A falta de apoio do governo estadual à construção e manutenção das escolas e postos de saúde também é motivo de reclamação dos índios.
– Hoje tem umas construções das nossas escolas em que só existe a base. A saúde, o posto de saúde é construído pela própria comunidade – observa o líder.
Os índios contam com os agentes de saúde indígenas para tratar das doenças mais simples. Eles também apostam na medicina tradicional, praticada pelos pajés e benzedeiras. Contudo, quando existe um caso mais grave, o pedido de socorro é feito pelo rádio. É neste momento que as estradas precárias se transformam em um problema. Devido à dificuldade de acesso, geralmente, os índios têm que ser transportados por aviões.
É o caso da comunidade Serra do Sol, localizada na fronteira com a Guiana e a Venezuela, onde vivem os povos ingaricós e cujo acesso se dá exclusivamente por avião. A viagem dura 50 minutos. Com uma população de 1.400 habitantes, até pouco tempo eles eram nômades. Agora vivem em pequenas comunidades e têm que se adaptar à vida sedentária.
Os índios sofrem problemas de saúde decorrentes da falta de saneamento básico.
– A doença que nós temos é a diarreia e o vômito, principalmente entre as crianças e os idosos – relata o agente de saúde Romário Felipe Miguel que trabalha em um posto da comunidade, construído pelos próprios índios.
Ele conta que os médicos visitam a comunidade a cada dois meses e que os doentes mais graves dependem de deslocamento aéreo fornecido pela Secretaria de Saúde Indígena (Sesai), ligada ao Ministério da Saúde.
Em função da mudança brusca nos hábitos, os índios encontram dificuldades para se adaptar ao novo modo de vida. A maioria deles só se comunica no idioma ingaricó e ainda está aprendendo a criar animais para a alimentação.
– Hoje, a comunidade está em local fixo, por causa do posto de saúde e da escola.
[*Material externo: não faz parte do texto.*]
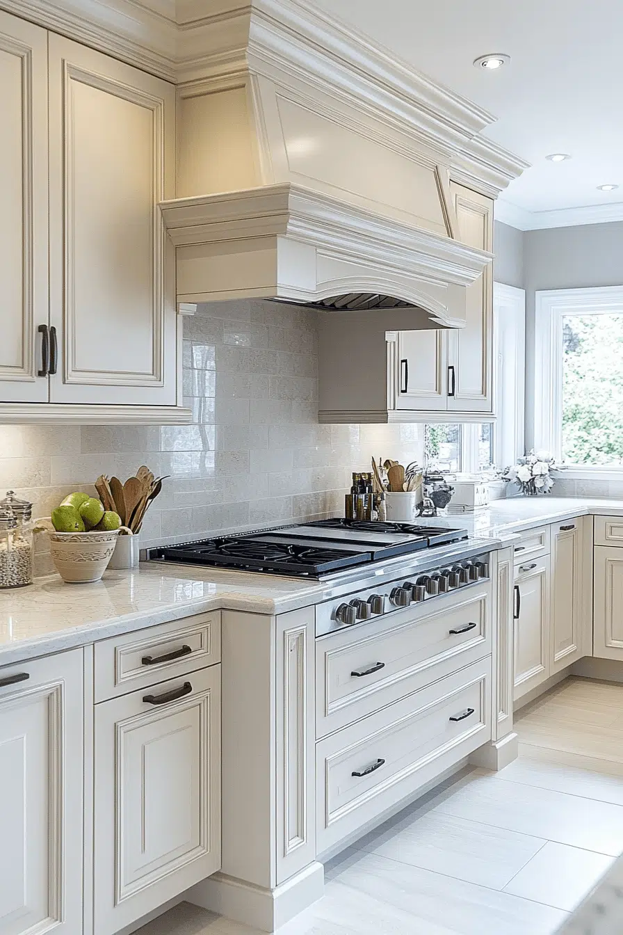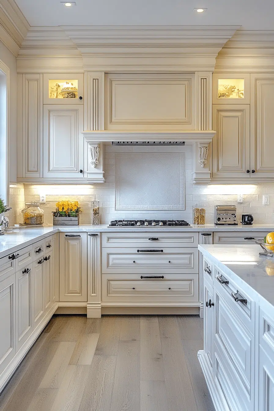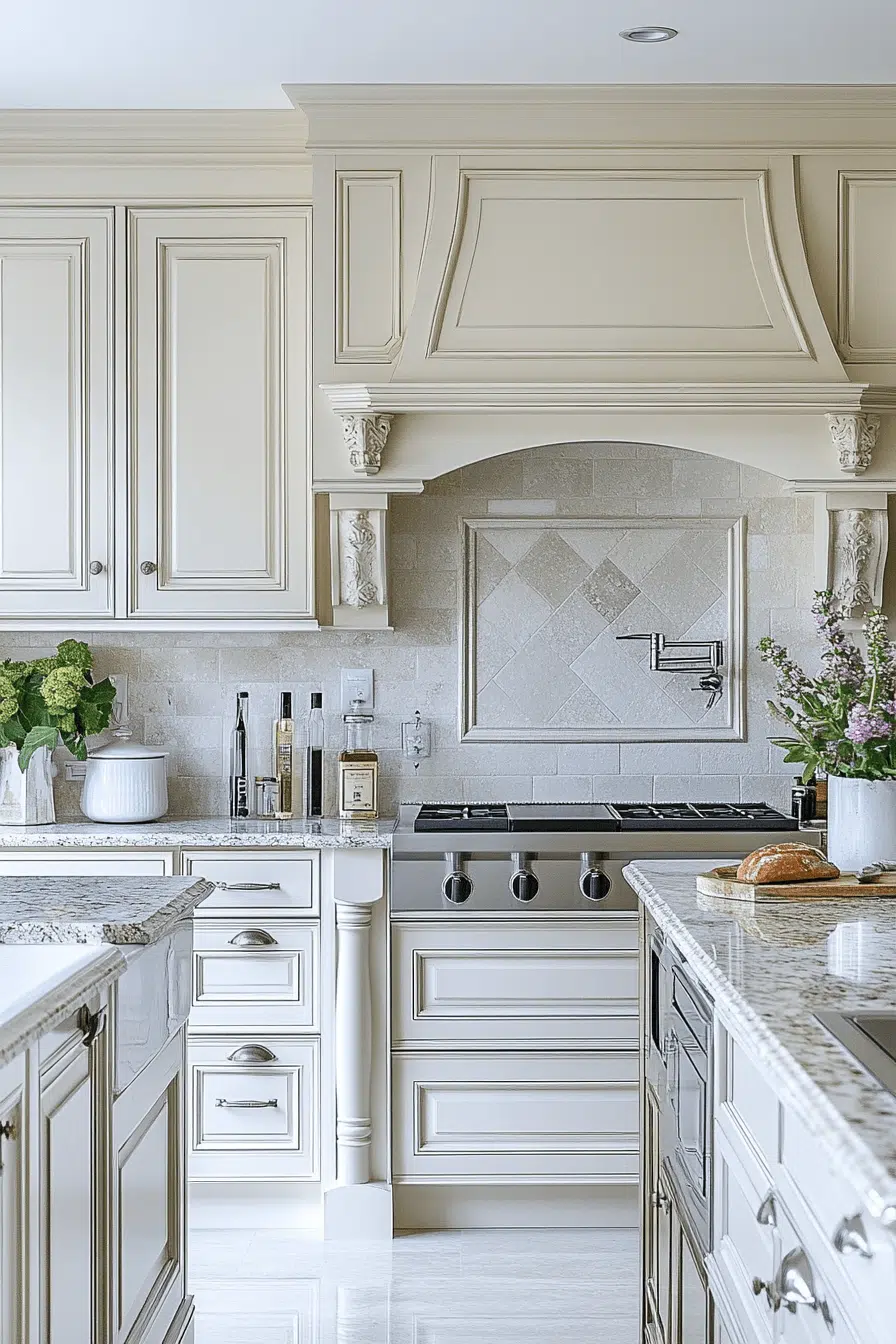 Refined luxury becomes approachable in kitchens anchored by antique white kitchen cabinets with elegant aging. Their pristine appearance elevates the room while antique texture adds richness. When paired with quality materials, the space feels timeless and upscale. Comfort and sophistication coexist naturally. This look appeals to lovers of quiet luxury. Find more elevated kitchen designs to inspire you.

O acúmulo de pessoas no local gera doenças, pois não temos nenhum tipo de saneamento e de tratamento de água, [o que] requer o fornecimento de medicamento, presença de médicos e de enfermeiros – conta o professor indígena Dilson Domente Ingaricó.
Para tentar solucionar o problema os índios estão buscando instalar um sistema de abastecimento de água encanada, mas novamente esbarram na dificuldade do acesso.
– Estamos contando com o apoio da Força Aérea para transportar os canos até a comunidade e instalar o abastecimento de água – relata o professor ingaricó.